And then, of course, there’s my current work as a church musician. This would seem to be an easy call for a choir director. Keep it Sunday-morning appropriate, y’all; and support the message of the day – don’t overshadow it.

The challenge in our congregation, for many years now, has been observing (or not observing) Memorial Day and Independence Day. Some pastors have steadfastly refused even to acknowledge Memorial Day – expressing an aversion to the glorification of war and such, about which I think Our Lord had a little something to say. Others (of less recent heritage) have observed those holidays during services – bearing in mind the many US military veterans who have been members of our congregation, and also bearing in mind the fact that our congregation was located not far from a Raytheon research facility. The military-industrial complex had contributed to the town’s culture, in at least an economic (and, at times, a patriotic) sense.

The concept of national patriotism can be a controversial one in churches, although not as often as I used to think. “Render unto Caesar what is Caesar’s, and unto God the things that are God’s,” wrote the author of the Gospel according to Matthew (22:21); the tussle between adherence to earthly authority and the practice of Christianity (particularly as it relates to issues of tax avoidance and defense spending) has not abated in intensity since.

When I was a kid, I noted that our church hymnal included “America the Beautiful” and “My Country, ‘Tis of Thee”. While I didn’t run right up to the pastor with a burning question about that, I did wonder (in a little-kid way) about the inclusion of American patriotic songs in a Methodist hymnal. Isn’t this a book of songs devoted to singing the praises of God and the living of the kind of life that Jesus went on about so much? (i.e. Advising against putting first priority on earthly city-states and their tendency to want to toot their own horns as the Best Thing on Earth.)

Although, I must say, what sanded down my worries a bit were the verses after the first verse of each of those songs. They seemed to veer away from outright “my land is the best land” and toward “what d’you say we ask God to help us not to screw up our wonderful land and anyone else’s?”

And as for the separation of church and state that Constitutional enthusiasts tend to smile about … Jesus said (John 18:36) to Pontius Pilate, “My kingdom is not of this world. If my kingdom were of this world, my servants would have been fighting, that I might not be delivered over to the Jews. But as it is, my kingdom is not from the world”. Not that he couldn’t turn over a table or two to make a point; and not that I haven’t heard a few great sermons that focus on Issues of the Day; but I think his point may have been that his religious teachings were separate from earthly political activity.
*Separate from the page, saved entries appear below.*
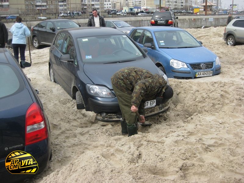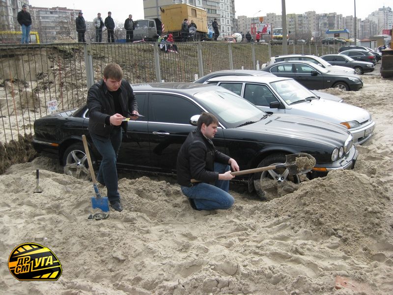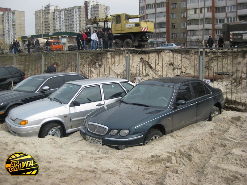 В Киеве, в ночь с субботы на воскресенье затопило автостоянку. По рассказам очевидцев, прорвало трубу с холодной водой, которая била ключом и несла на стоянку грязь и песок в течение трех часов. В итоге многие автомобили просто погрязли в этом безобразии, не смогли завестись, их пришлось откапывать.
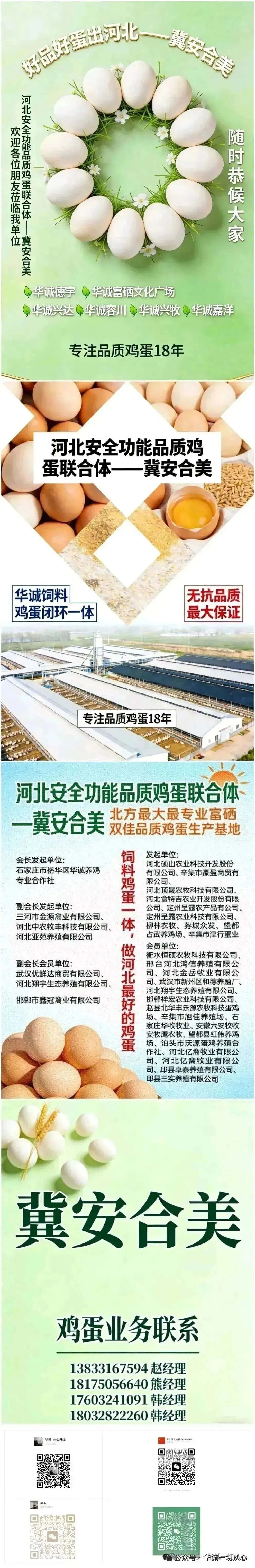 河北安全功能品质鸡蛋联合体以厚德为承载 以真诚为担当 以坚韧为脊梁 努力打造河北高品质鸡蛋第一品牌——冀安合美 联合体采取鸡蛋饲料一体 统一标准 统一品控 统一销售的模式 以保障联合体成员根本利益为基础 目标建立冀安合美品牌鸡蛋报价体系 提高冀安合美品牌价值 目前 联合体日产合格冀安合美品牌鸡蛋5000箱左右 随着市场对冀安合美品牌鸡蛋需求量的上升 联合体需在全国蛋鸡主产区继续寻求规模化鸡场合作 价格高于当地报价收购 希望有识之士加入 我们携手并进 共享共赢同创辉煌 冀安合美是河北安全功能品质鸡蛋联合体的简称 也是鸡蛋产品的注册商标 是河北品质鸡蛋一张靓丽名片 坚持饲料鸡蛋一体 坚持全产业品控 品种有海兰 罗曼 大午 农一 农三 冀安合美(华诚)18年沉淀 专业富硒双佳品质 饲料鸡蛋一体全产业品控 富硒双佳高品质 我们更专业
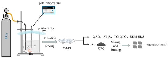 The experimental procedure in this study is illustrated in Figure 3. Firstly, magnesium sulfate (MgSO4) solutions of various concentrations (0.01 mol/L, 0.03 mol/L, 0.05 mol/L, 0.075 mol/L, 0.1 mol/L, 0.2 mol/L, 0.3 mol/L, 0.4 mol/L, and 0.5 mol/L) were prepared by dissolving MgSO4 in deionized water. The MS powder was then mixed with the magnesium sulfate solution at a ratio of 1/40 by magnetic stirring. The apparatus was heated to 80 °C with a stirring rate set at 400 r/min. Throughout the experiment, plastic wrap was used to cover the apparatus to prevent moisture evaporation at high temperatures. After 10 min of stirring, carbonation was initiated by introducing high-concentration CO2 at a ventilation rate of 0.1 L/min/5 g MS using an aeration device. The carbonation reaction lasted for 120 min. Upon completion of carbonation, the suspension was filtered, and the resulting carbonated MS samples (C-MS) were collected and repeatedly washed with ethanol, followed by placement in a vacuum drying chamber at 50 °C.
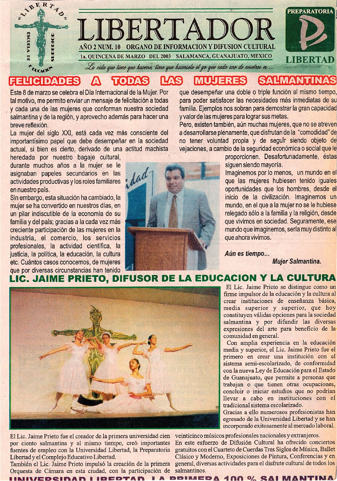 Libertador. Preparatoria Libertad. Año 2. Num. 10. Órgano de información y difusión cultural. 1a Quincena de Marzo de 2003. Salamanca, Guanajuato, México. Gala de Ballet Clásico
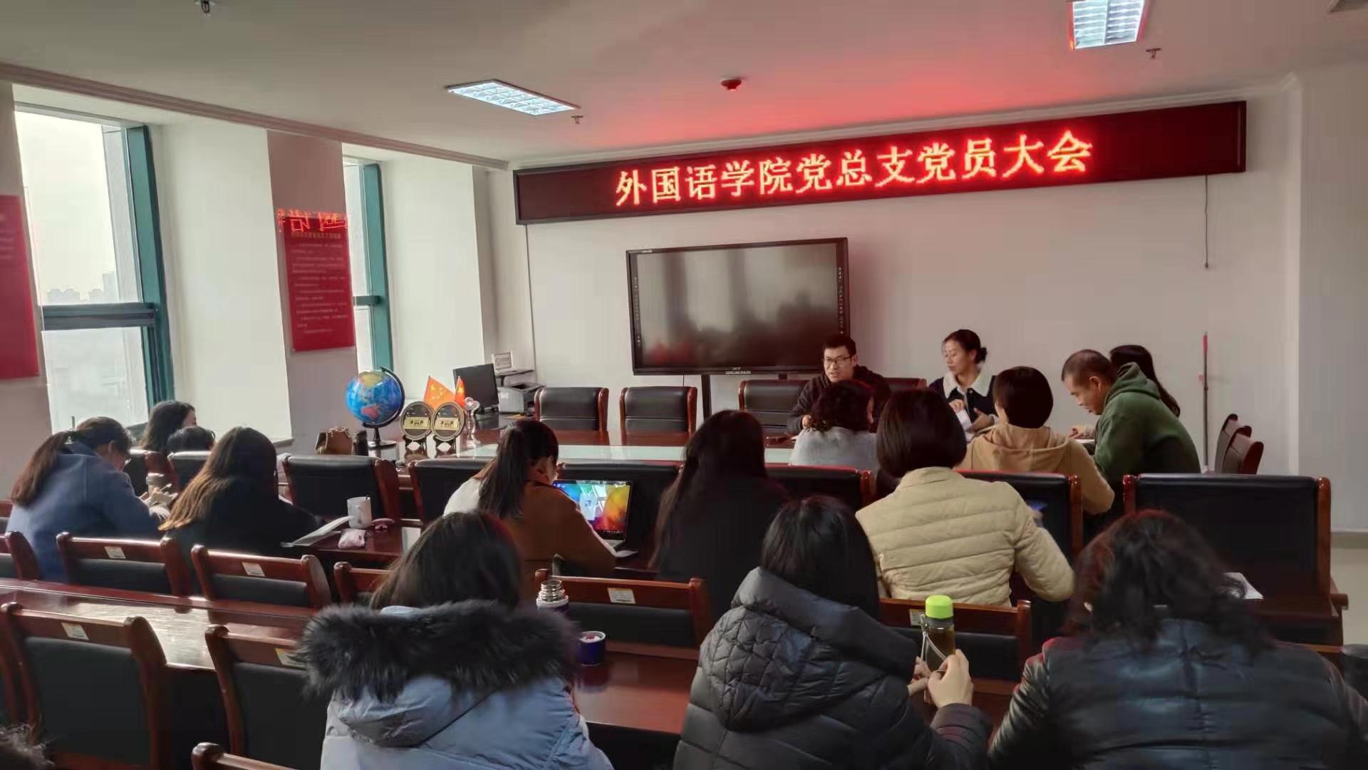 为进一步加强我院基层党组织建设,充分发挥基层党组织战斗堡垒作用,切实做好各项党建工作,12月10日下午,外国语学院党总支于院办803召开党员大会,会议由我院党总支副书记吴宏主持,副院长蔡鸣、学院班子成员、各党支部书记及全体教工党员参会。
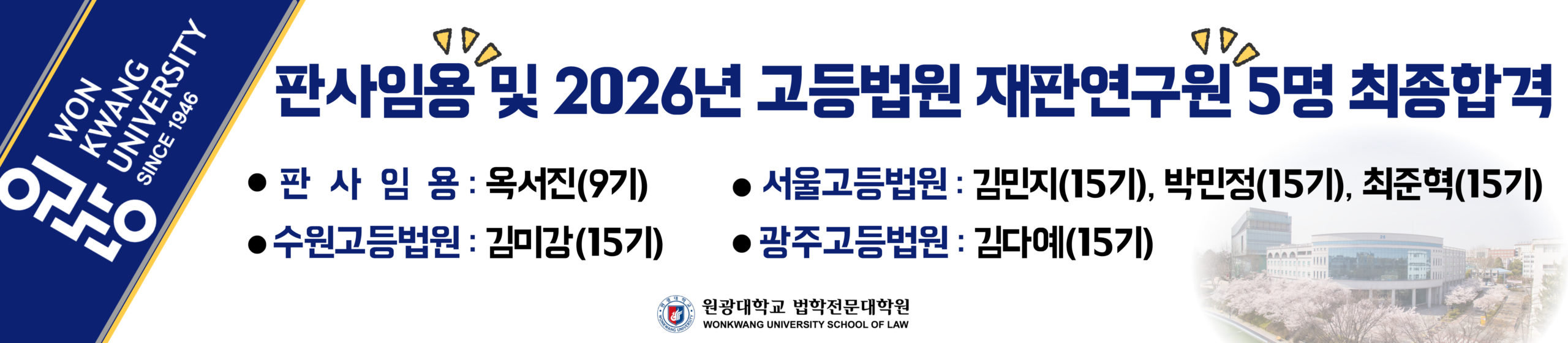 2026학년도 신입학전형 원서접수 : 2025.09.22.(월) 09:00 ~ 09.26.(금) 18:00 자세히보기 교육시설 원광대학교 법학전문대학원 시설안내 자세히보기 교수진 소개 법학전문대학원 교수진을 소개합니다 자세히보기 행정공지사항 2026년 입영대상 법무장교 지원 안내2025-10-15 2025학년도 제4차 졸업시험(10월) 학생생활관 방배정 안내(수정)2025-10-13 제15회 변호사시험 원서접수 소명서류 체크 방법2025-10-13 09.28.(일) 법학전문대학원 물탱크 청소 안내2025-09-22 외부기관공고 [법무법인 미션] 2026 동계 로스쿨 실무수습 공지2025-10-31 [DLG] 2026 동계 법학전문대학원 실무수습 모집2025-10-31 [한국공정거래조정원] 2026년 법학전문대학원 동계 공익 법무실습 안내2025-10-30 [로스쿨 제도의 공익적 개선을 위한 정책 포럼] 안내2025-10-29 학사공지사항 2025-2학기 중간고사 시간표 안내(수정)2025-10-15 2025학년도 제4차 졸업시험(제3차 변호사시험 모의시험) 사전 필수 확인 사항2025-10-14 2025학년도 제4차 졸업시험(제3차 변호사시험 모의시험) 응시자 준수사항2025-10-14 2025학년도 제4차 졸업시험(제3차 변호사시험 모의시험) 선택과목 법전 공지(수정)2025-10-14 연락처(063) 교학과 TEL 850-5084 또는 5085 교학과 FAX 850-5086 교학과 위치 법학전문대학원 1층(익산대로 460, 26번 건물) WonkwangGuide 법무부 변호사시험법학연구소리걸클리닉센터(...경력개발센터학생지도센터법학전문도서관
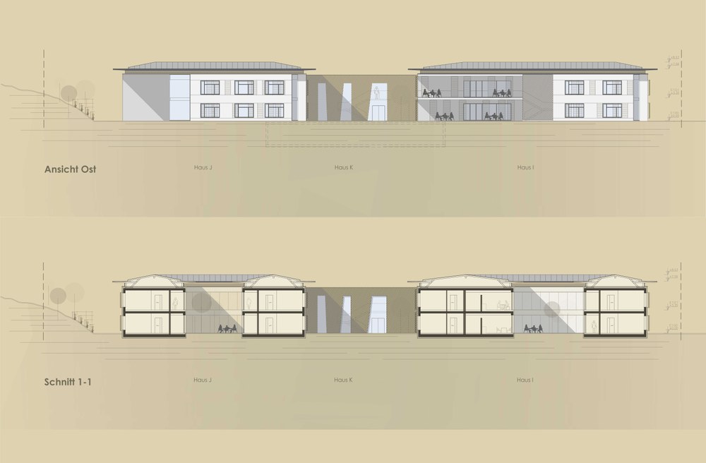 Die Dächer der vier neuen Hauptgebäude sowie der zu sanierenden Bestandsgebäude werden formal an die Dachform des Zubaus von 2007 (Haus E) angepasst und neu interpretiert ausgeführt. Die Dächer der Verbindungsgänge heben sich architektonisch durch Flachdächer von den restlichen Gebäuden ab.
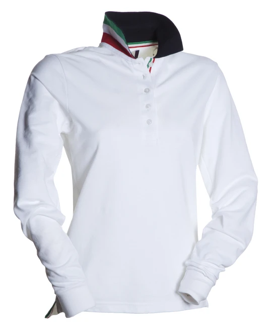 Dlouhý rukáv, vypasovaný střih, léga s 5 ladícími knoflíky, na rubové straně límce motiv vlajky, na pravém rukávu proužky ve stejné barvě jako vlajka, žebrování na límci a manžetách, výztužná páska za krkem v barvě vlajky, vyztužené boční švy
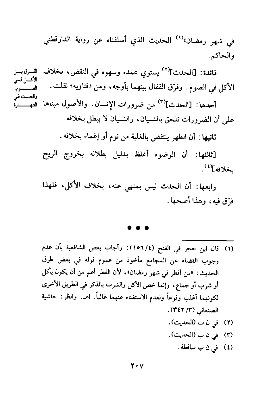 رابعها: أن الحدث ليس بمنهي عنه، بخلاف الأكل، فلهذا فرّق فيه، وهذا أصحها.
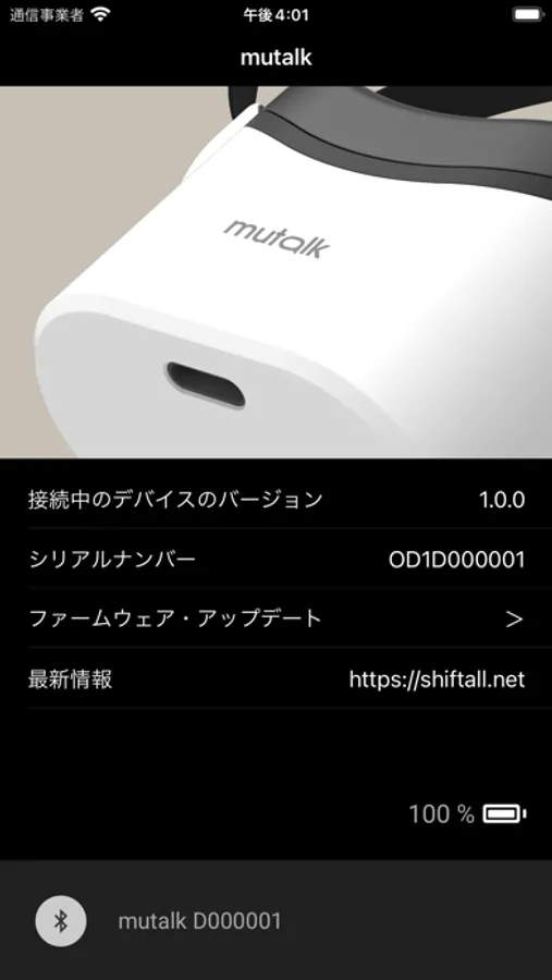 ・「mutalk」のファームウェアバージョンを確認することができます。
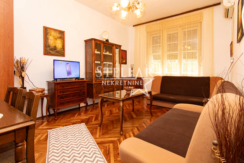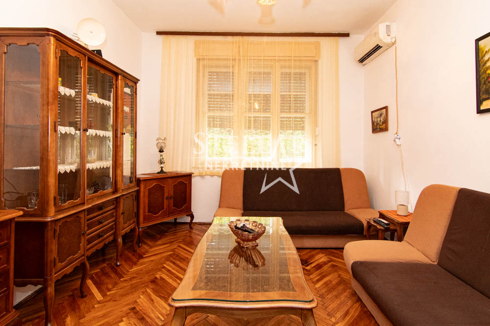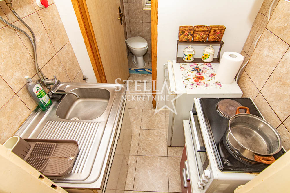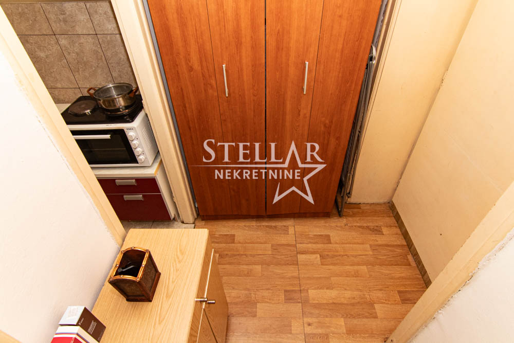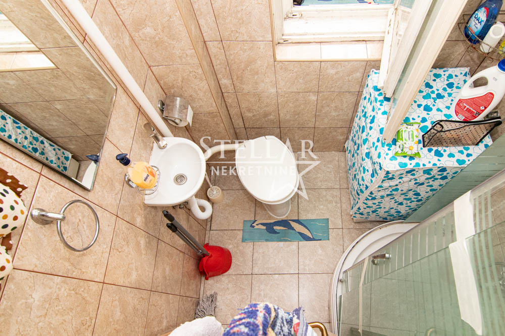 A furnished and arranged studio apartment is for rent on the high ground floor of a building in the Gorica C settlement. The area is 25m2, high ceiling. The windows have bars, which guarantees security. The apartment has older furniture. There are several closets and cabinets for clothes and belongings. The apartment has air conditioning and two pull-out sofas. The bathroom has a shower cabin and a washing machine.
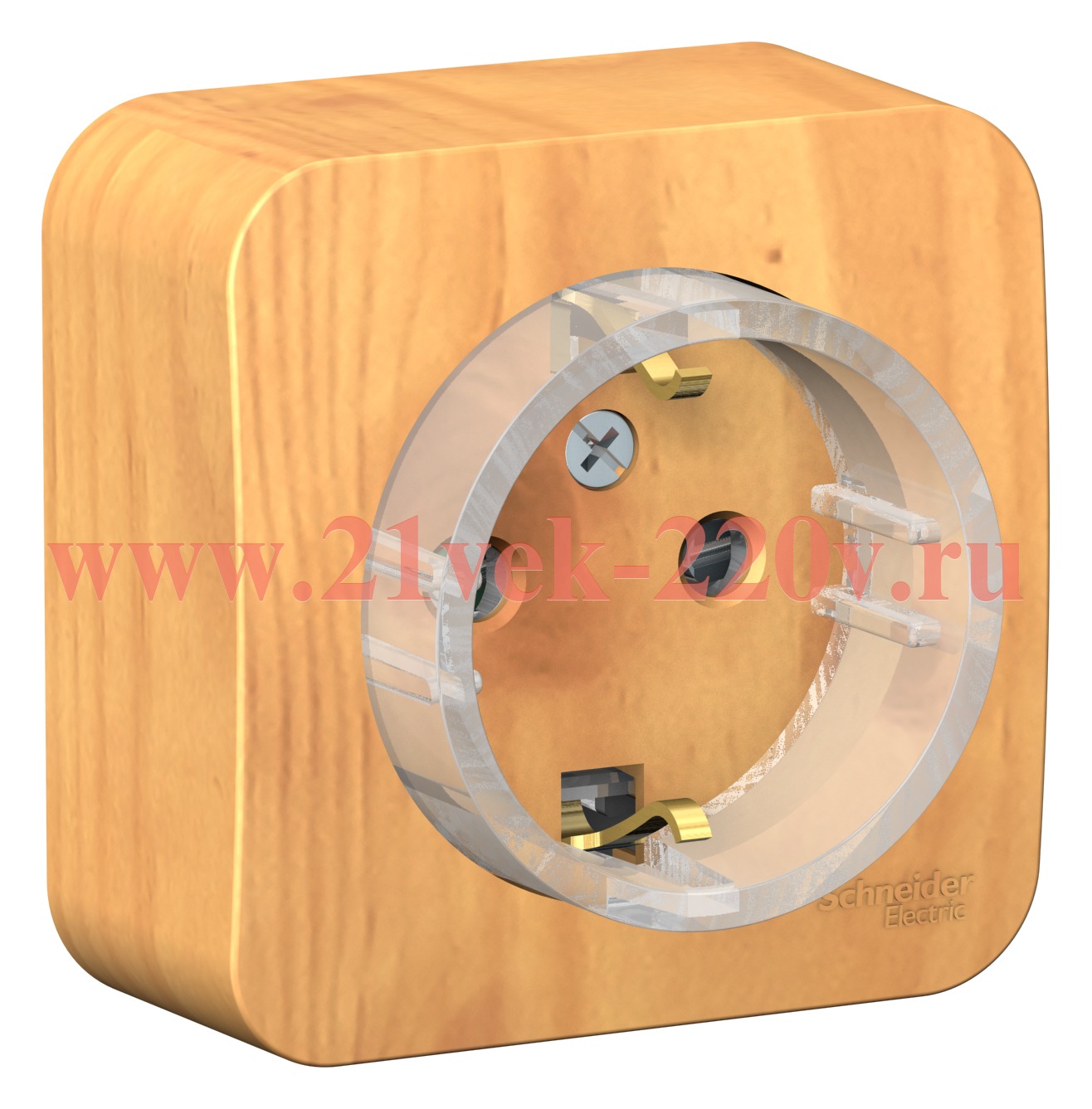 Розетка О/У с заземлением, со шторками, с изолирующей пластиной, 16А, 250В, ясень Schneider Electric Blanca
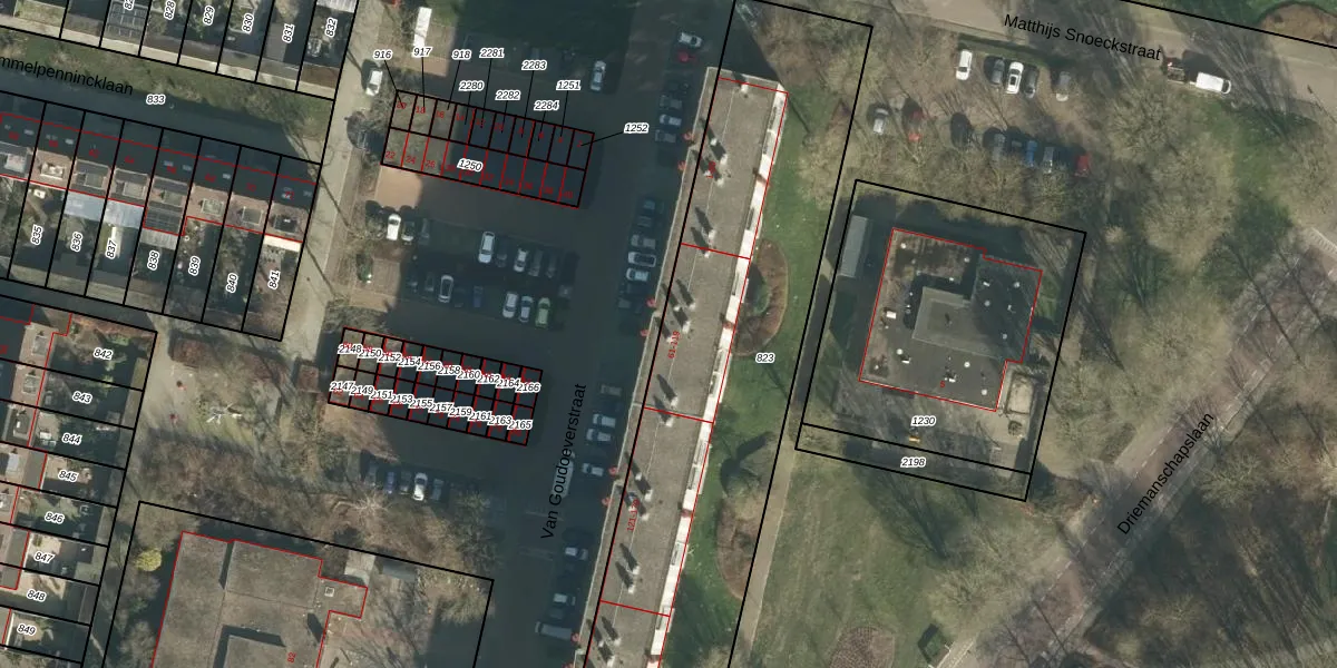 Het perceel waarop Van Goudoeverstraat 83 staat heeft een oppervlakte van 2627 m². Dit is een zeer groot perceel. De perceeloppervlakte wordt geregistreerd door het Kadaster. Gedetailleerde informatie over de maten van dit perceel kunt u vinden in het rapport Kadastrale kaart met maatvoering van Van Goudoeverstraat 83.
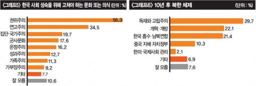 이번에는 문화다. ‘한국 사회가 보다 성숙해지기 위해 가장 먼저 고쳐야 하는 문화 또는 의식은 무엇인지’ 물었다(복수 응답). ‘권위주의’라는 응답이 56.3%로 가장 높았다. 그다음으로 연고주의 34.5%, 집단·국가주의 19.7%, 군사문화 17.6%, 온정주의 16.2%, 성과주의 12.7%, 가족주의 11.3%, 가부장주의 9.2% 순이었다(그래프5). 혁신경제와 정치개혁의 공통된 과제가 있다면 권위주의와 연고주의 타파일 것이다. 연고주의로 만들어진 사회·경제적 특권을 유지하려면 권위주의를 동원할 수밖에 없다. 민주화세력이 비판받는 온정주의도, 산업화세력이 비판받는 성과주의도 권위주의 앞에선 아무것도 아닌 걸까.
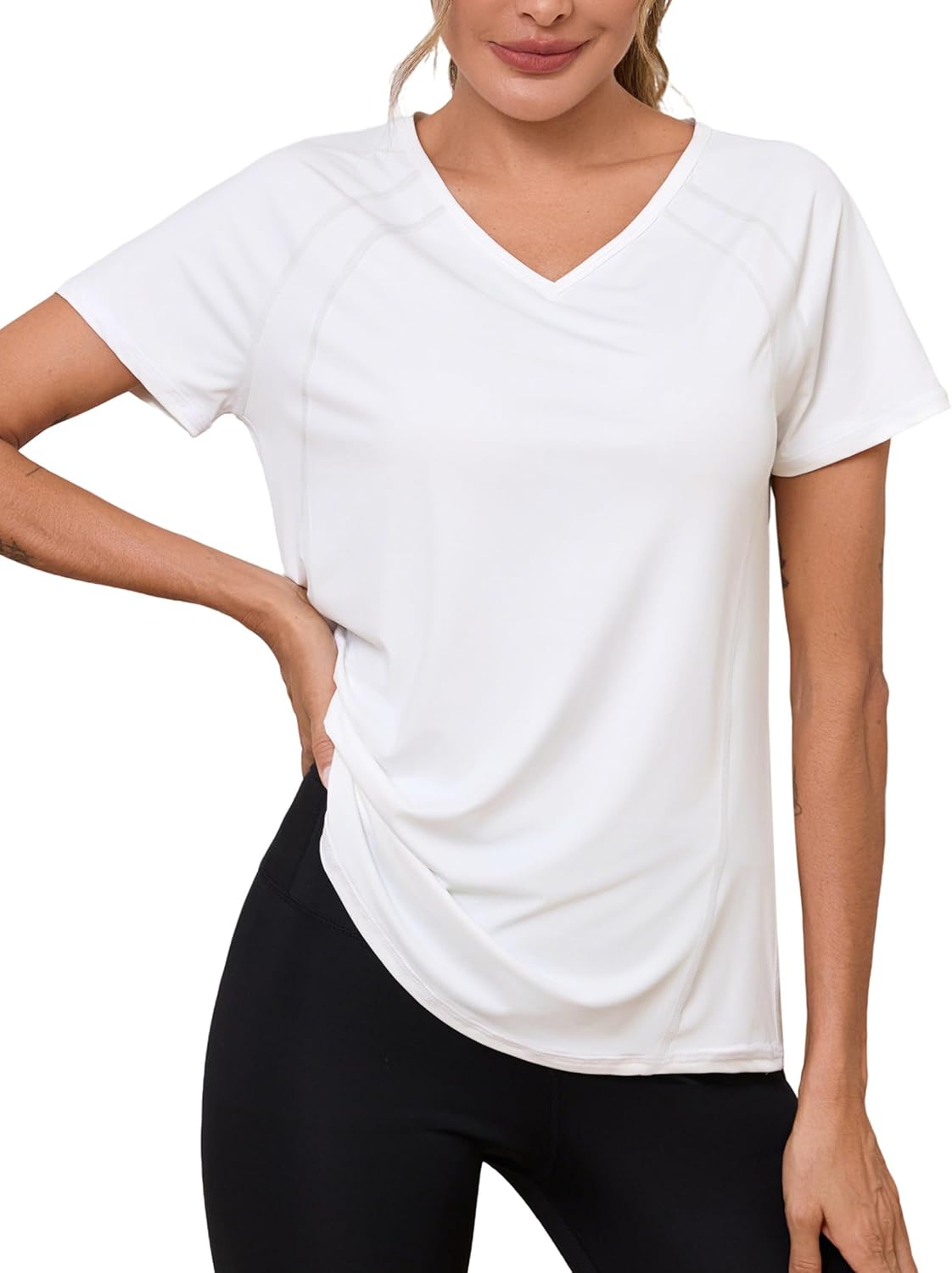 Il taglio con scollo a V e maniche raglan crea una linea semplice ma sportiva. E c’è anche un dettaglio funzionale: nella parte posteriore sono previsti “orifici transpirabili” per aumentare la ventilazione durante l’allenamento. Non è una maglia da “performance estrema” per chi vuole soltanto compressione o tecnologie avanzate, ma per un uso comune tra fitness, yoga, running leggero e attività quotidiana può avere senso.

Which brings me to an evening three weekends ago.


It was the Sunday before Independence Day, and the Kennedy Center in Washington, DC was the site of an event called the “Celebrate Freedom Concert”. Good so far. The musical presentations were primarily to be provided by a few hundred choir- and orchestra-members, with the President in attendance. Fairly straightforward for a Fourth-of-July weekend event.

The choir and orchestra were from First Baptist Church in Dallas, Texas. No matter how large my church’s musical community seems to me, well, doesn’t Texas always do it up bigger? First Baptist is often described as a megachurch, so of course their choir has hundreds of people in it. I’m not jealous. At all.

Here, things begin to veer off.

The “Celebrate Freedom Concert” was hosted by First Baptist’s pastor, Robert Jeffress, who noted afterward that the second half of the program had been a “Gospel-oriented presentation.” Which made me twitch a bit, flashing back to the whole church-state separation thing, and also to the whole “my taxpayer dollars are paying for the Kennedy Center lights and sound system” thing. Well, yes, the Divine is invoked at plenty of government-oriented events – like, say, the Inauguration, with its invocations and prayers and whatnot. But the main thrust of an Inauguration is not the worship of one particular religion’s God, no matter how any President’s supporters may privately feel.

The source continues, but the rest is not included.